Light and fluffy with just the right amount of chocolate, this buttercream is the perfect for spreading, dolloping and piping.

This recipe makes enough buttercream to pipe onto 12 cupcakes, cover a 1 layer 20cm cake, or ice the top of a 20cm x 30cm sheet cake

10 min
12 cupcakes


  1. 250g unsalted butter, softened

  2. 3 cups (450g) icing sugar

  3. ½ cup (60g) cocoa powder

  4. ¼ cup (60ml) full cream milk

  5. 2 tsp Queen Natural Vanilla Extract


  1. Step 1

    In the bowl of a stand mixer fitted with the paddle attachment, beat butter until lightened in colour, about 3 minutes.

  2. Step 2

    Add icing sugar, cocoa and milk and mix on low until just incorporated.
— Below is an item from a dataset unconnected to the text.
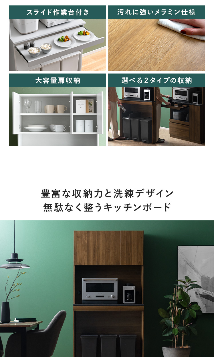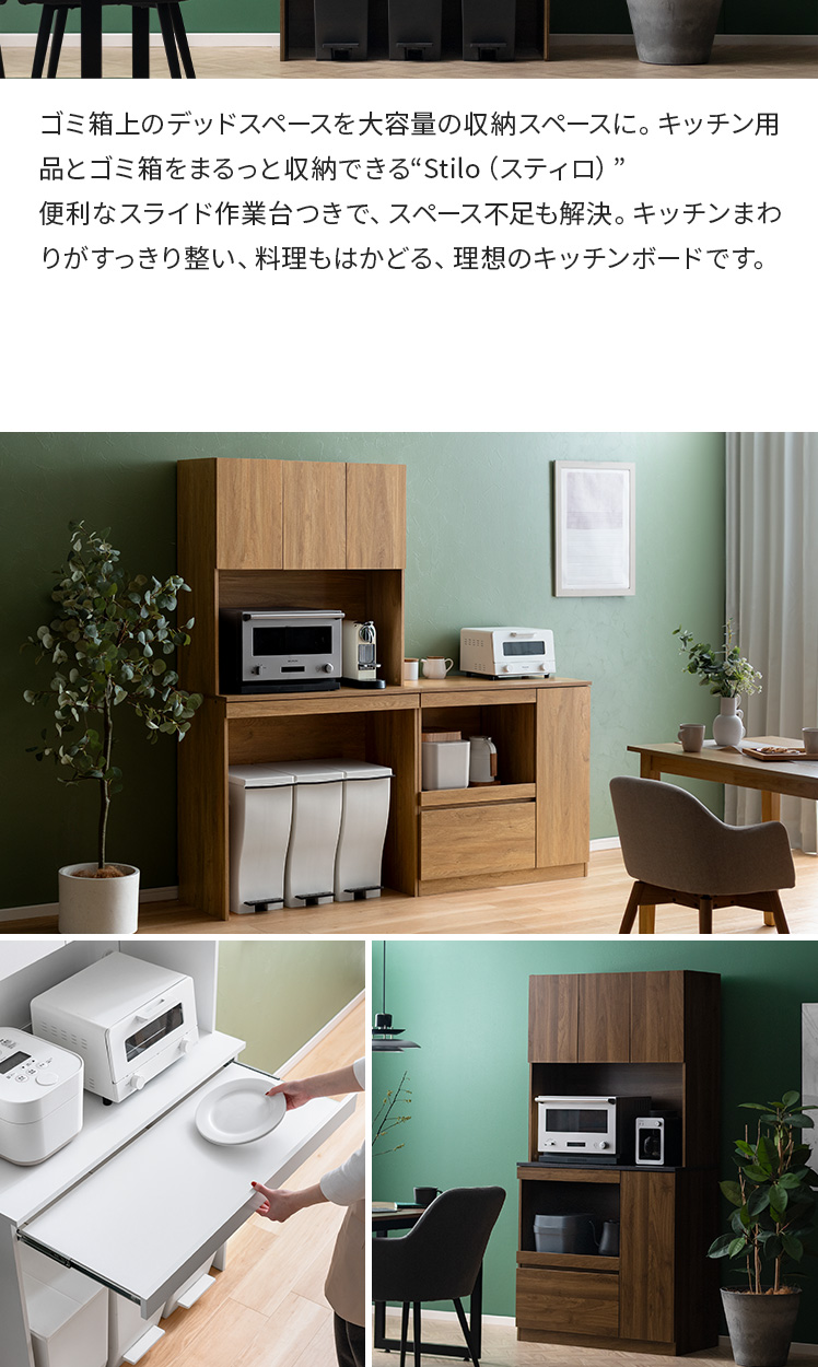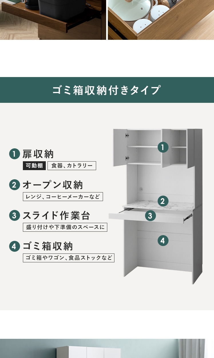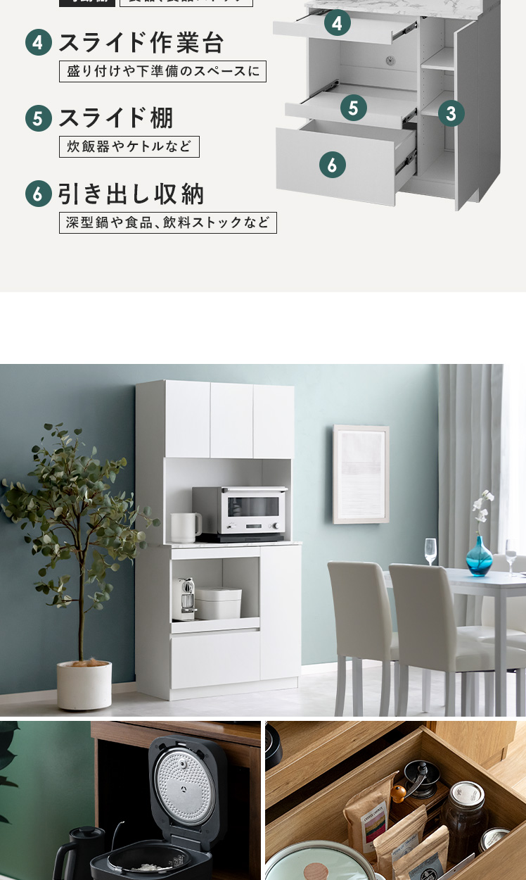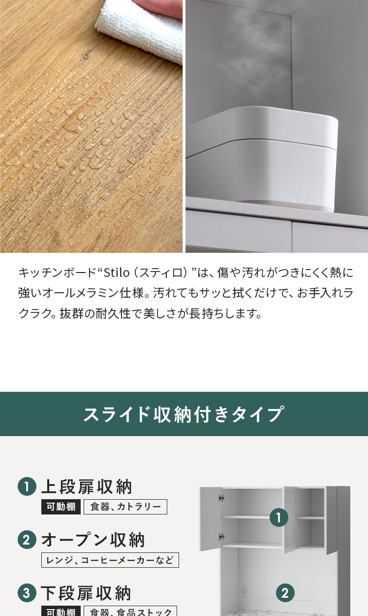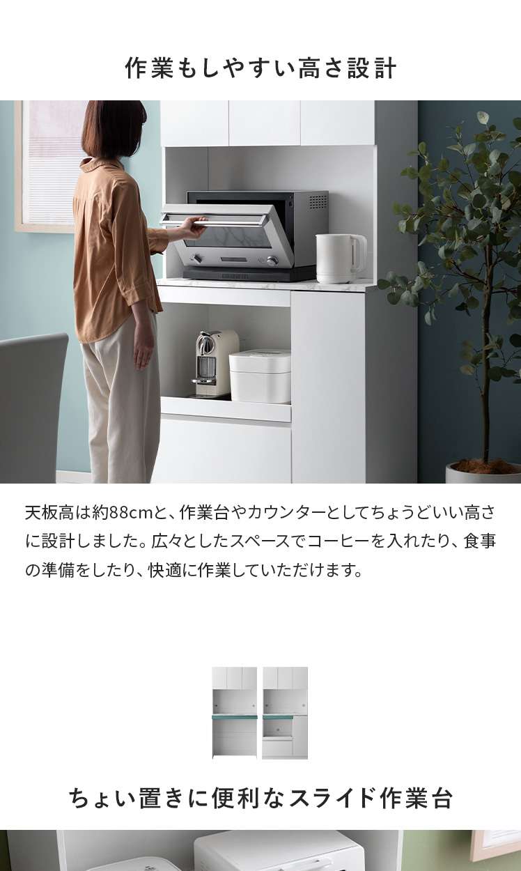 | 耐荷重 | 天板/約30kg、スライド棚/約5kg、引出し//約5kg、可動棚/約5kg |

Beat on high for 5 minutes until light and fluffy.

  3. Step 3

    Add Vanilla Extract and mix to incorporate.

To top a single layer 20cm cake or to spread over cupcakes:

125g butter, room temperature

1 ½ cups (225g) icing sugar, sifted

¼ cup (30g) cocoa powder

1 ½ tbsp (30ml) full cream milk

2 tsp Queen Natural Vanilla Extract


To make enough to fill and cover a 2 layer cake:

375g unsalted butter, softened

4 ½ cups (675g) icing sugar

¾ cup (95g) cocoa powder

1/3 cup (80ml) full cream milk

4 tsp Queen Natural Vanilla Extract


Double recipe to make enough to fill and cover a 3 layer cake.

500g butter, room temperature

6 cups (900g) icing sugar

1 cup (125g) cocoa powder

1/2 cup (125ml) full cream milk

6 tsp Queen Natural Vanilla Extract


For flavoured buttercream:
Queen Rosewater Essence and Queen Peppermint Extract are delicious additions to this chocolate buttercream. Add 2-3 tsp or to taste per single batch or buttercream.